-- Records for the exercise --
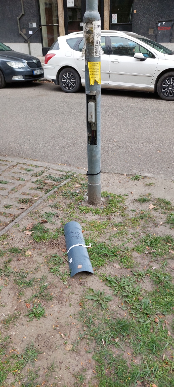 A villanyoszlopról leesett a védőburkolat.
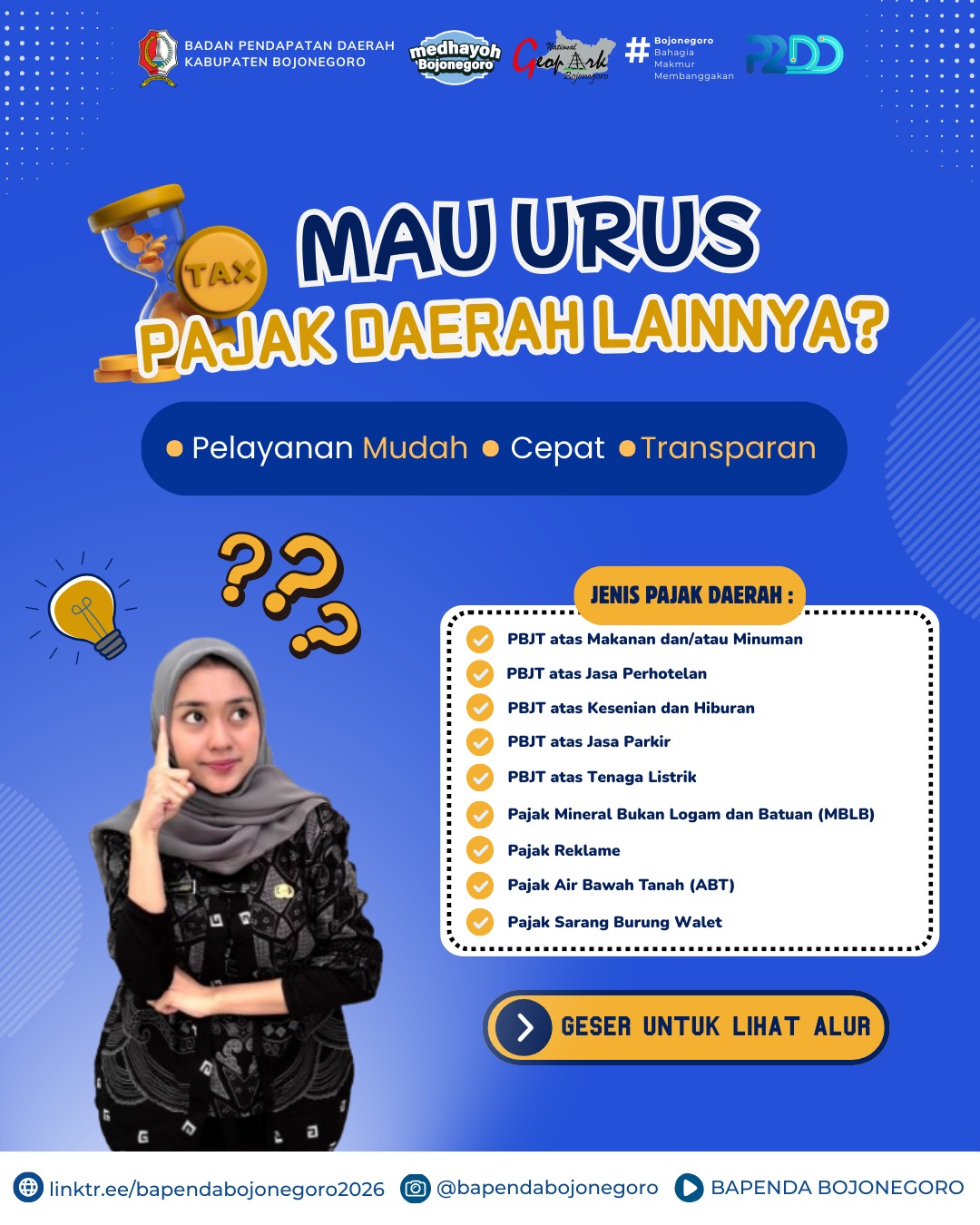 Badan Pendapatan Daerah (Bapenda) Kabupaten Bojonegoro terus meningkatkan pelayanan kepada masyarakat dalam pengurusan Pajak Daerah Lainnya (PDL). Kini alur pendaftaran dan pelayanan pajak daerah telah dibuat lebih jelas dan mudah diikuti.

==

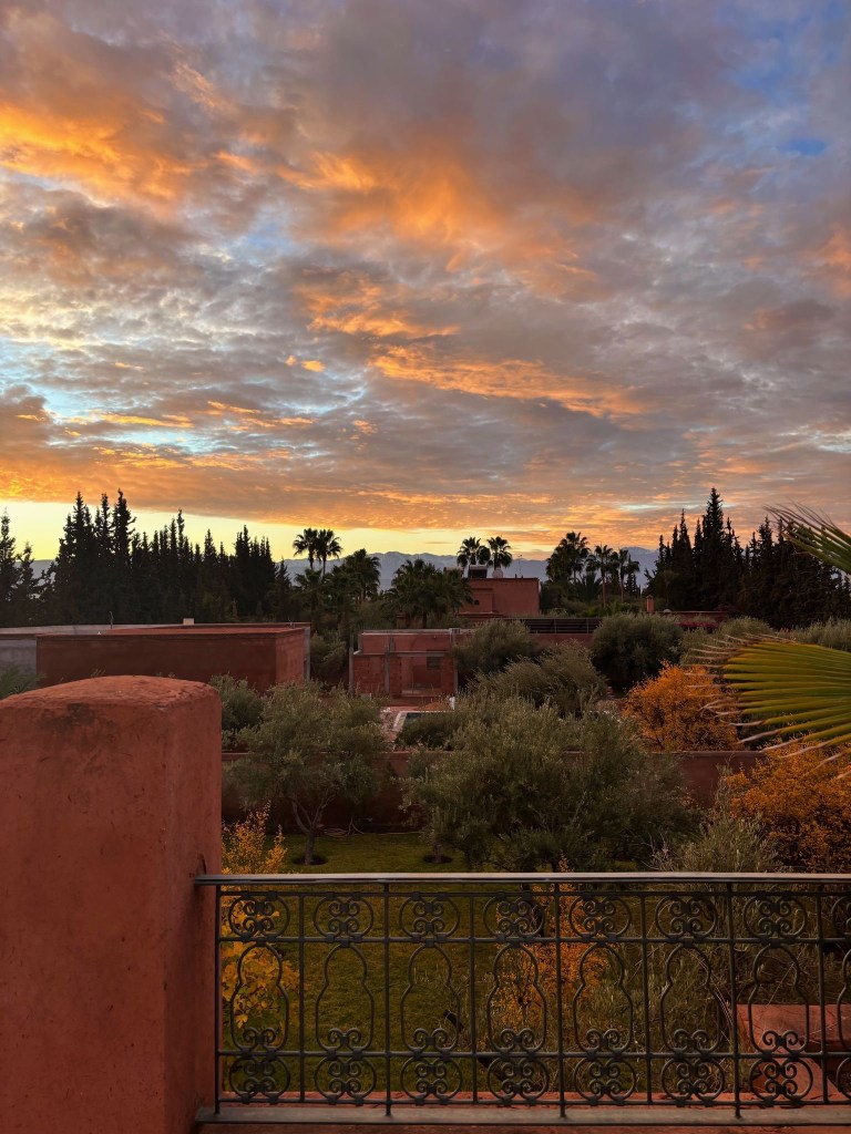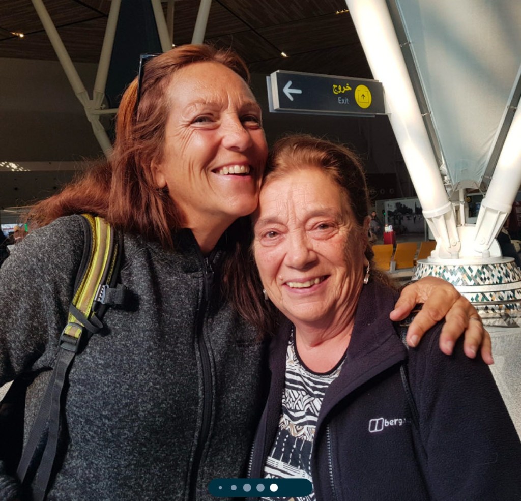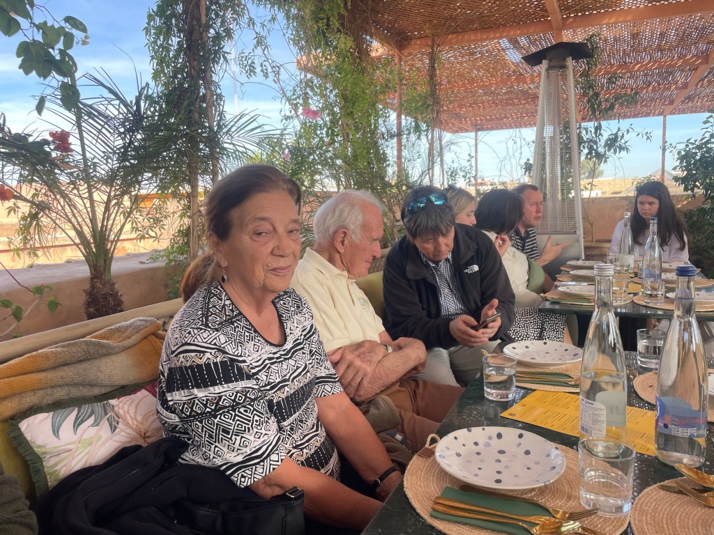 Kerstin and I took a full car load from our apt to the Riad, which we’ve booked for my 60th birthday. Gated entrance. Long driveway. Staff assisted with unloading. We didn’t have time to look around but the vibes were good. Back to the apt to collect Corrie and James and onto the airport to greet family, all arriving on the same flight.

-- Prompt --
Return word for word the lines of the listing above, starting at the line with "A villanyoszlopról leesett a védőburkolat." and ending at the line with "Badan Pendapatan Daerah", both included. Pictures do not belong in the copy.

-- Output --
 A villanyoszlopról leesett a védőburkolat.
 Badan Pendapatan Daerah (Bapenda) Kabupaten Bojonegoro terus meningkatkan pelayanan kepada masyarakat dalam pengurusan Pajak Daerah Lainnya (PDL). Kini alur pendaftaran dan pelayanan pajak daerah telah dibuat lebih jelas dan mudah diikuti.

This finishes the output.